In the Crocker Galleria farmers market in San Francisco, tables are lined up on the downstairs floor, filled with all sorts of food: colorful vegetables, pastries, even exotic cheeses. Each table displays tasty-looking food, but each represents a story of culture and dedication.


On one table, a man with a black coat and a green apron offers samples of tart olives to customers. The round, pickled ovals are packed in containers and placed in neat rows with labels reading WHOLE GREEN OLIVES to LOW SALT OLIVES.

“I like how olives give you an idea of history, how long it takes to grow from a pit to a tree,” the olive man said. “These olives [for example] come from California, the olive trees there are around three hundred years old. Olive trees in Greece are closer to three thousand years old.”


On a table further down, bins of dried fruits lie open-faced in a container: figs, raisins, dates. All are sun-shriveled and dried in sugared syrup. The owner presenting the delicacies wears a red shirt, khaki pants and a gold chain with a cross pendant around his neck. He enthusiastically encourages customers to try the Mediterranean fruits, suggesting which ones to eat with them.


The farmer’s market is a small example of how food continues to preserve one’s culture. Jennifer Berg, a director of Food Studies from the New York University, further explains the importance of food and culture in the TED article What Americans can learn from food culture.

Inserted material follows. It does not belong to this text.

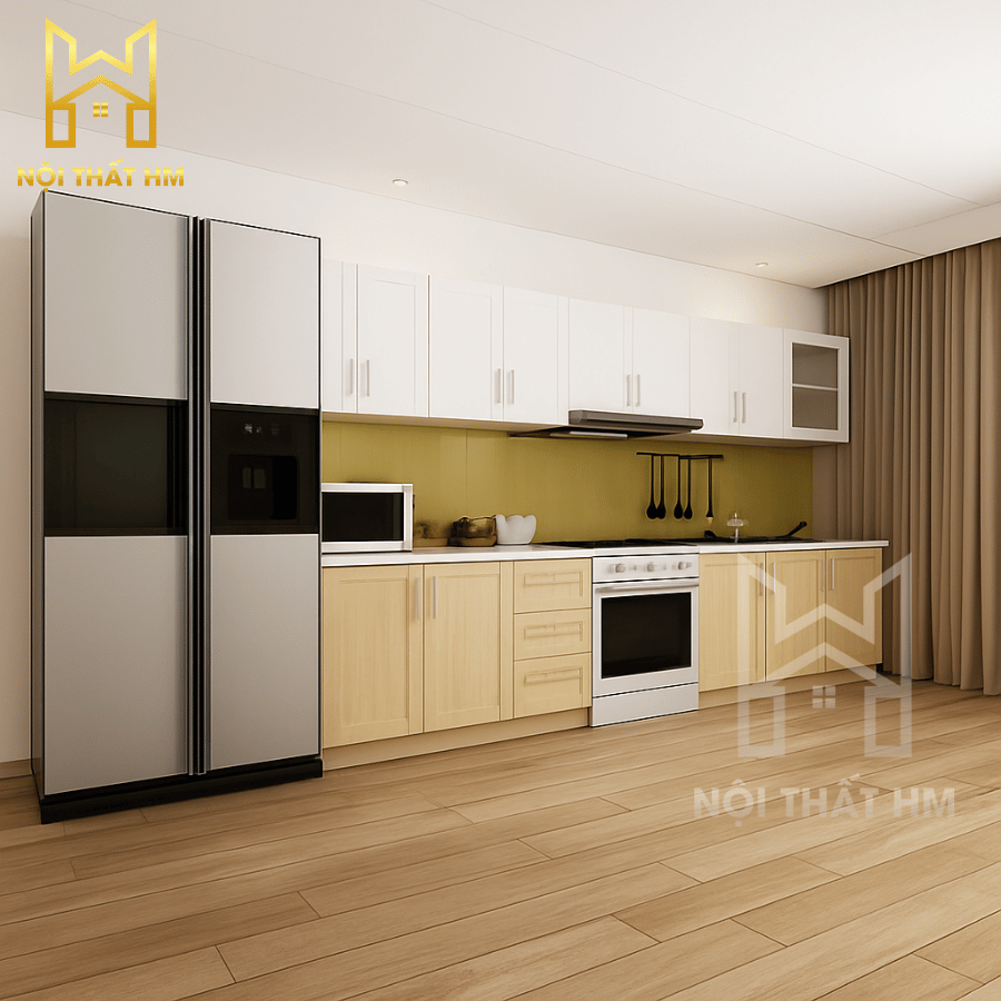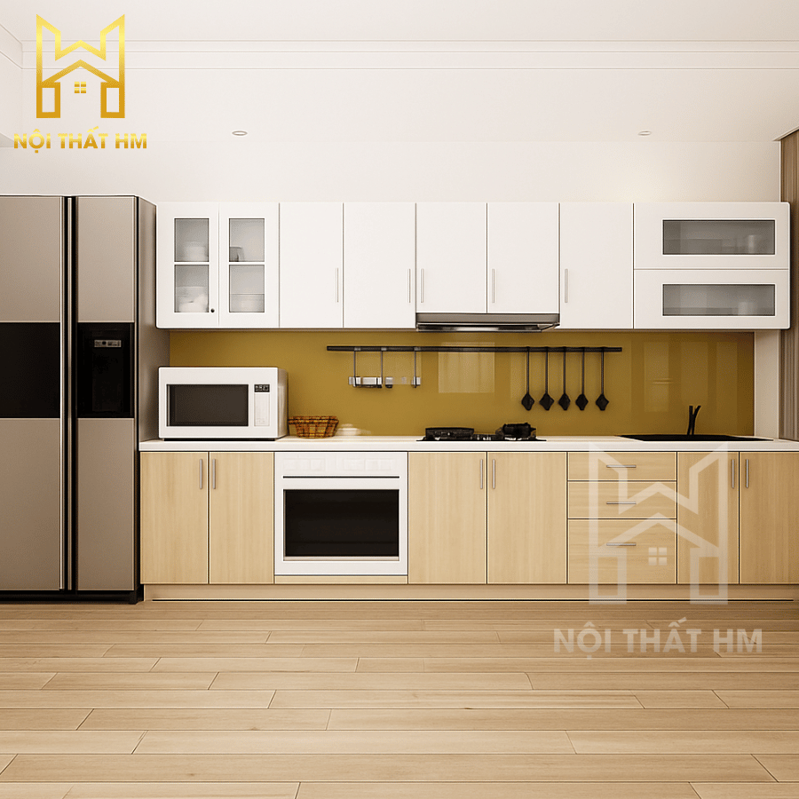 Mẫu TB03 là sự kết hợp hoàn mỹ giữa tông màu trắng tinh khôi và vân gỗ sáng tự nhiên. Thiết kế dạng chữ I (tủ thẳng) giúp tập trung toàn bộ công năng nấu nướng trên một đường thẳng, cực kỳ phù hợp cho các căn hộ chung cư mini hoặc nhà phố có bề ngang hẹp.
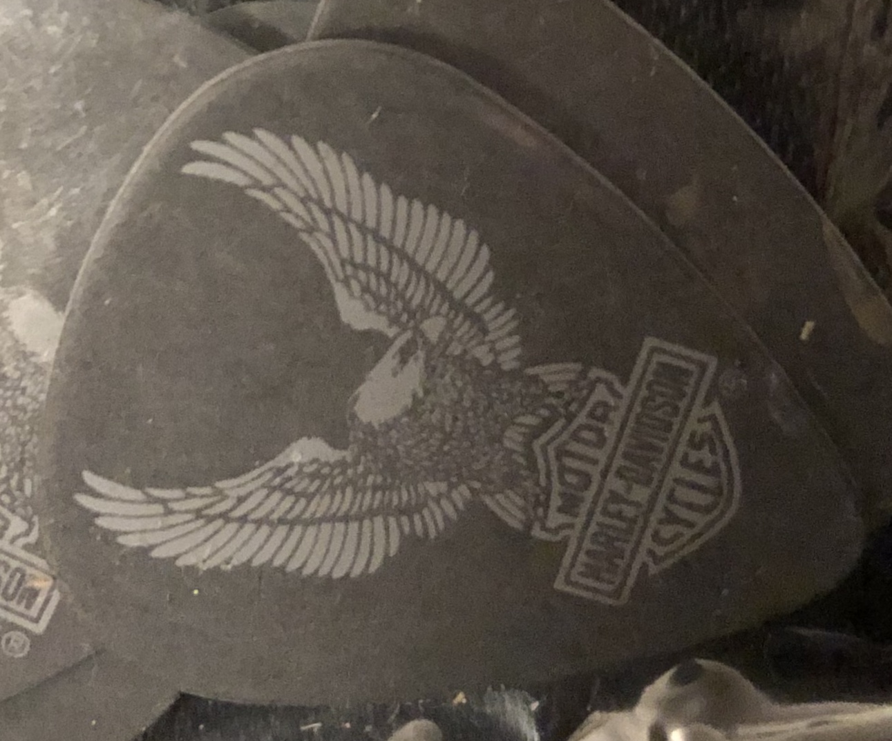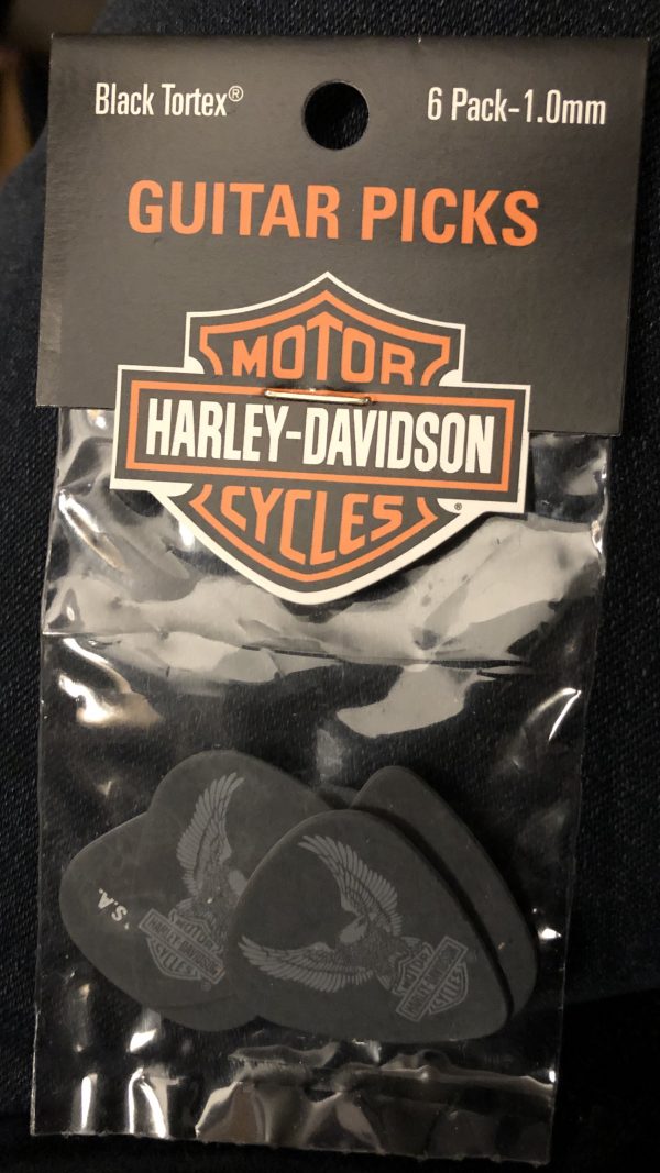 Harley Davidson Motorcycles Guitar Picks Set Eagle Logo (6) 1.0mm Black Tortex Heavy Gauge, Sealed package. Made in USA. 2005. Licensed. Out of production. Rare to find. Great gift!

“Food is important when you become part of a diaspora,” Berg said. “There are some aspects of maternal culture you’ll lose right away…With food, it’s something you’re engaged in, so there are more opportunities to connect to memory and family. It’s the hardest to give up.”

“Every culture has a different variety of food, spices, flavors from their own country.” the dried fruit man said. “We’re not all alike, but that is the best part about being in America.”